The ARP includes a new, third definition of eligible employer. Besides the existing pathways of partial suspension due to government orders or significant decline in gross receipts, an employer may be eligible for ERC—only during the third and fourth quarters of 2021—if they are a “recovery startup business.” While the draft instructions make clear that this new eligibility is only available for those two quarters, it doesn’t yet help explain the most confusing component of the new eligibility standard. The draft more or less repeats the statutory language and says, “A recovery startup business is an employer that: Began carrying on a trade or business after February 15, 2020; Had average annual gross receipts of $1 million or less for the 3 tax years ending with the tax year before the calendar quarter in which the employee retention credit is claimed; and isn’t otherwise eligible for the third or the fourth quarter, as applicable, for the employee retention credit because business operations aren’t fully or partially suspended due to a governmental order or because gross receipts…aren’t less than 80%…” The first and third requirements are clear, but it is not yet clear how to calculate the average annual gross receipts for the 3 tax years etc. for businesses started after February 15, 2020. There is one clue on page 9 where the phrase, “Aggregation rules apply,” is added when referencing the recovery startup business. This indicates that the recovery startup business eligibility will be limited to those with average annual gross receipts under $1 million even if they were not in existence for three years, and if the new entity is part of an aggregated group, then the 3-year average gross receipts will be measured at the aggregated group level.
The third requirement, that the business “isn’t otherwise eligible for the third or the fourth quarter“ based on the government orders or gross receipts tests is notable. In several places, the draft emphasizes that employer is only eligible as a recovery startup business if they qualify for the ERC “solely because the business is a recovery startup business.” This idea is also reflected in the latest draft form 941 released on May 25 (see line 18b). Of course, it’s very likely that a business might simultaneously meet the requirements of the recovery startup business and also the significant reduction in gross receipts.
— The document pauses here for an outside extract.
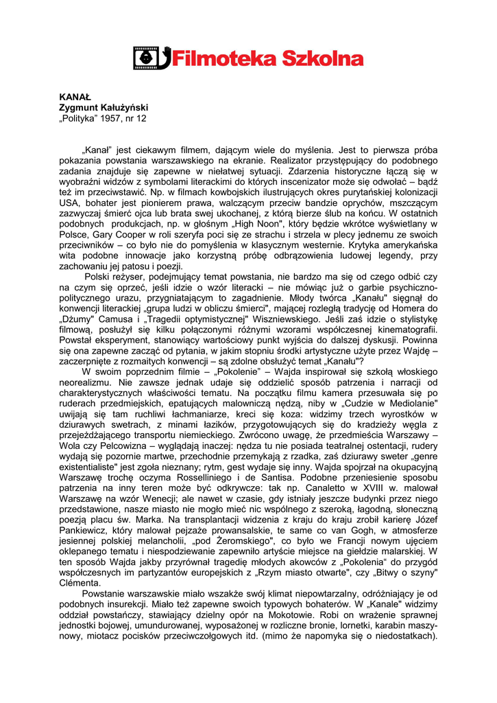 KANAŁ Zygmunt Kałużyński „Polityka” 1957, nr 12 „Kanał” jest ciekawym filmem, dającym wiele do myślenia. Jest to pierwsza próba pokazania powstania warszawskiego na ekranie. Realizator przystępujący do podobnego zadania znajduje się zapewne w niełatwej sytuacji. Zdarzenia historyczne łączą się w wyobraźni widzów z symbolami literackimi do których inscenizator może się odwołać – bądź też im przeciwstawić. Np. w filmach kowbojskich ilustrujących okres purytańskiej kolonizacji USA, bohater jest pionierem prawa, walczącym przeciw bandzie oprychów, mszczącym zazwyczaj śmierć ojca lub brata swej ukochanej, z którą bierze ślub na końcu. W ostatnich podobnych produkcjach, np. w głośnym „High Noon", który będzie wkrótce wyświetlany w Polsce, Gary Cooper w roli szeryfa poci się ze strachu i strzela w plecy jednemu ze swoich przeciwników – co było nie do pomyślenia w klasycznym westernie. Krytyka amerykańska wita podobne innowacje jako korzystną próbę odbrązowienia ludowej legendy, przy zachowaniu jej patosu i poezji. Polski reżyser, podejmujący temat powstania, nie bardzo ma się od czego odbić czy na czym się oprzeć, jeśli idzie o wzór literacki – nie mówiąc już o garbie psychicznopolitycznego urazu, przygniatającym to zagadnienie. Młody twórca „Kanału" sięgnął do konwencji literackiej „grupa ludzi w obliczu śmierci", mającej rozległą tradycję od Homera do „Dżumy" Camusa i „Tragedii optymistycznej" Wiszniewskiego. Jeśli zaś idzie o stylistykę filmową, posłużył się kilku połączonymi różnymi wzorami współczesnej kinematografii. Powstał eksperyment, stanowiący wartościowy punkt wyjścia do dalszej dyskusji. Powinna się ona zapewne zacząć od pytania, w jakim stopniu środki artystyczne użyte przez Wajdę – zaczerpnięte z rozmaitych konwencji – są zdolne obsłużyć temat „Kanału"? W swoim poprzednim filmie – „Pokolenie” – Wajda inspirował się szkołą włoskiego neorealizmu. Nie zawsze jednak udaje się oddzielić sposób patrzenia i narracji od charakterystycznych właściwości tematu. Na początku filmu kamera przesuwała się po ruderach przedmiejskich, epatujących malowniczą nędzą, niby w „Cudzie w Mediolanie" uwijają się tam ruchliwi łachmaniarze, kreci się koza: widzimy trzech wyrostków w dziurawych swetrach, z minami łazików, przygotowujących się do kradzieży węgla z przejeżdżającego transportu niemieckiego. Zwrócono uwagę, że przedmieścia Warszawy – Wola czy Pelcowizna – wyglądają inaczej: nędza tu nie posiada teatralnej ostentacji, rudery wydają się pozornie martwe, przechodnie przemykają z rzadka, zaś dziurawy sweter „genre existentialiste" jest zgoła nieznany; rytm, gest wydaje się inny. Wajda spojrzał na okupacyjną Warszawę trochę oczyma Rosselliniego i de Santisa. Podobne przeniesienie sposobu patrzenia na inny teren może być odkrywcze: tak np. Canaletto w XVIII w. malował Warszawę na wzór Wenecji; ale nawet w czasie, gdy istniały jeszcze budynki przez niego przedstawione, nasze miasto nie mogło mieć nic wspólnego z szeroką, łagodną, słoneczną poezją placu św. Marka. Na transplantacji widzenia z kraju do kraju zrobił karierę Józef Pankiewicz, który malował pejzaże prowansalskie, te same co van Gogh, w atmosferze jesiennej polskiej melancholii, „pod Żeromskiego", co było we Francji nowym ujęciem oklepanego tematu i niespodziewanie zapewniło artyście miejsce na giełdzie malarskiej. W ten sposób Wajda jakby przyrównał tragedię młodych akowców z „Pokolenia“ do przygód współczesnych im partyzantów europejskich z „Rzym miasto otwarte", czy „Bitwy o szyny" Clémenta. Powstanie warszawskie miało wszakże swój klimat niepowtarzalny, odróżniający je od podobnych insurekcji. Miało też zapewne swoich typowych bohaterów. W „Kanale" widzimy oddział powstańczy, stawiający dzielny opór na Mokotowie. Robi on wrażenie sprawnej jednostki bojowej, umundurowanej, wyposażonej w rozliczne bronie, lornetki, karabin maszynowy, miotacz pocisków przeciwczołgowych itd. (mimo że napomyka się o niedostatkach). Dowódca wygląda na dobrego zawodowca, zaś żołnierze zachowują się jakby przeszli pół Europy w szyku bojowym. Jeden z nich wykazuje dużą zręczność, przecinając linę zdalnie kierowanej przez Niemców tankietki z materiału min wybuchowych. Nie odnosimy wrażenia owego desperackiego, historycznego amatorstwa, niszczycielskiego wobec samego siebie, którego opis przynoszą nam dokumenty. Nie ma tu też straszliwego w skutkach splątania „walczących z cywilami”, których nie ma gdzie umieścić ni czym karmić – co było główna ludzką klęską powstania. Żyją oni osobno, zjawiają się na krótko, plączą się pod nogami, wołają: „Gaz, gaz!" i znikają. Wydaje się, że reżyser miał zbyt wybitnego fachowca za doradcę militarnego. W tej części film niewiele się różni od dobrych wojennych produkcji zagranicznych. Oddział otrzymuje następnie rozkaz by przedrzeć się kanałami do centrum, gdzie skupiają się ocalałe siły. W przeprawie tej wszyscy giną. Tutaj film ulega bogatemu zbeletryzowaniu. Obserwujemy kilka wątków osobistych, przy czym każda z postaci „spełnia" swój los do końca, odkrywając to, co jest zasadniczego w jej charakterze. Muzyk, który przyłączył się do oddziału, wariuje i przebiega kanał grając na okarynie, zahipnotyzowany odkrytą przez siebie, ostateczną melodią. Młoda para, nie dość dojrzała, by w pełni uświadomić sobie miłość, teraz dochodzi do porozumienia – gdy dotarli do kraty zamykającej kanał i pozbawieni odwrotu muszą zginąć. Oficer, który żył z łączniczką, ogarnięty rozpaczą wyznaje jej, że ma żonę, dziecko, że chce do nich wrócić – wówczas jego towarzyszka popełnia samobójstwo, ale i on, mimo swej małoduszności, nie wyjdzie z kanału żywy,

The guidance being provided in these draft instructions is to first establish if the business is eligible because of government orders or a reduction in gross receipts and only if those don’t apply to consider if they are a recovery startup business, because the recovery startup business is limited to a cap of $50,000 per quarter in credit even if they have qualified wages that would otherwise exceed that amount. By indicating on form 7200 or 941 that the eligibility is solely based on the recovery startup business criteria, reporting more than $50,000 in credit will automatically invalidate the form. Therefore, a business that meets the criteria of the recovery startup business, but also has a significant decline in gross receipts should not indicate that they are eligible based on the recovery startup business criteria.
There are also changes in the ARP to the rules governing the interaction of ERC with other credits. For ERC generated in the third and fourth quarters only, credit cannot be claimed for wages used as payroll costs in connection with a Shuttered Venue Operator Grant or a Restaurant Revitalization Grant. Even though the Consolidated Appropriations Act disallowed “double dipping” ERC and PPP retroactively, the ARP did not retroactively disallow double dipping ERC with these new grant programs (see page 8).